When my headache continued after I'd left the middle school I figured it was just because it was past noon and I hadn't had my lunch yet. When it kept going even after I had gulped down some yogurt and canned peaches I figured it was because the student in front of me despite being a high schooler was one of my more annoying kids.

When it kept on growing even though I had eaten, had taken some pain reliever and was sitting alone in my office I started to get concerned. I'd never had a headache like this. I could barely walk because my head got jostled on each step. I was starting to think about how I'd phrase my request when I called up Mike to ask him, pretty please, if he'd drive an hour down to Illinois to come get me.

Then I realized...I hadn't had any caffiene that day.

I've been having two 24 oz bottles a day to make up for my lack of sleep. Today I took a bottle of carbonated water to work instead thinking that it would be better for me. Guess my body disagreed. I crept down to the soda machine in the faculty lounge and bolted down a half-bottle of Diet Pepsi.
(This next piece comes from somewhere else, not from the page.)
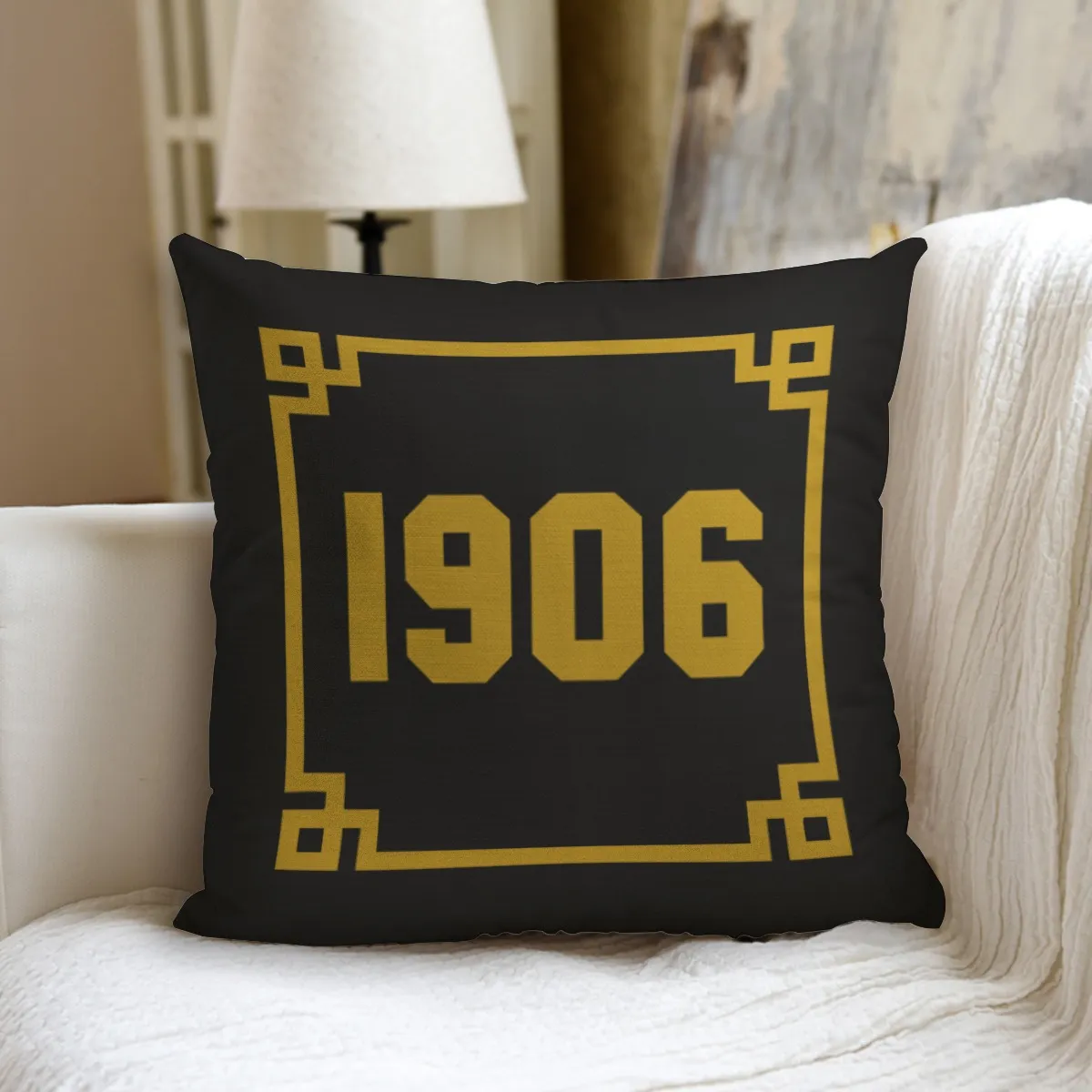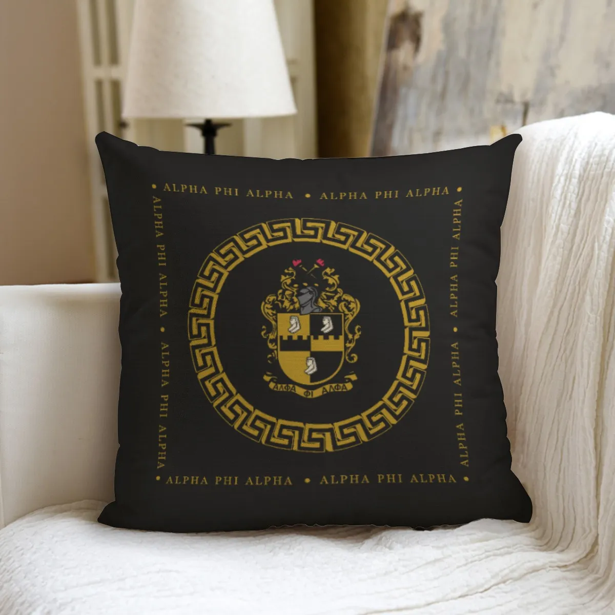 Alpha Phi Alpha pillow showcasing your fraternity’s iconic 1906 founding year in bold black and old gold. Makes a standout addition to alpha phi alpha probate gifts or your own chapter house décor. Crafted from durable polyester for lasting quality. The D9 Standard.

Oh yeah. That's good stuff.

I nursed the last half of the bottle. I don't really like the fact that I'm so dependent on caffiene, but apparently my body has no such concerns.

Wednesday, November 01, 2006

My Brother

Recently Dykewife commented that until she read my 100 Questions meme she wasn't aware that I had a brother. I feel kind of bad that I obviously haven't written about him, but I guess it's understandable...we don't talk much. We aren't on bad terms at all, it's just that Rob is pretty bad at keeping in touch. I call my parents about once a week, and I call or email my sister every two weeks, but Rob can go months without contact. My mom once commented that if he died she wouldn't find out for weeks. It just never enters his head to pick up a phone or type out an email. I'd feel offended, but apparently he treats his friends and girlfriends with the same casualness.

Yesterday Rob got on a plane to move to Japan. He recently graduated with a degree in education, but right now the market in Wisconsin is tight for high school English teachers. So he plans to hang out in Japan and teach English until the next wave of retirements, when he will make his triumphant return. I think that this move to Japan will either make him homesick enough to want to keep in touch, or will occupy him so completely that I won't hear from him for about three years. I hope he at least sends the family mass e-mails.

Tuesday, October 31, 2006

Oh well

Today I had the thought that it's a good thing that I'm not getting pregnant anytime soon because I just bought two pairs of nice pants for work, and since they fit fairly snugly now there's no way they'd fit if I had a baby.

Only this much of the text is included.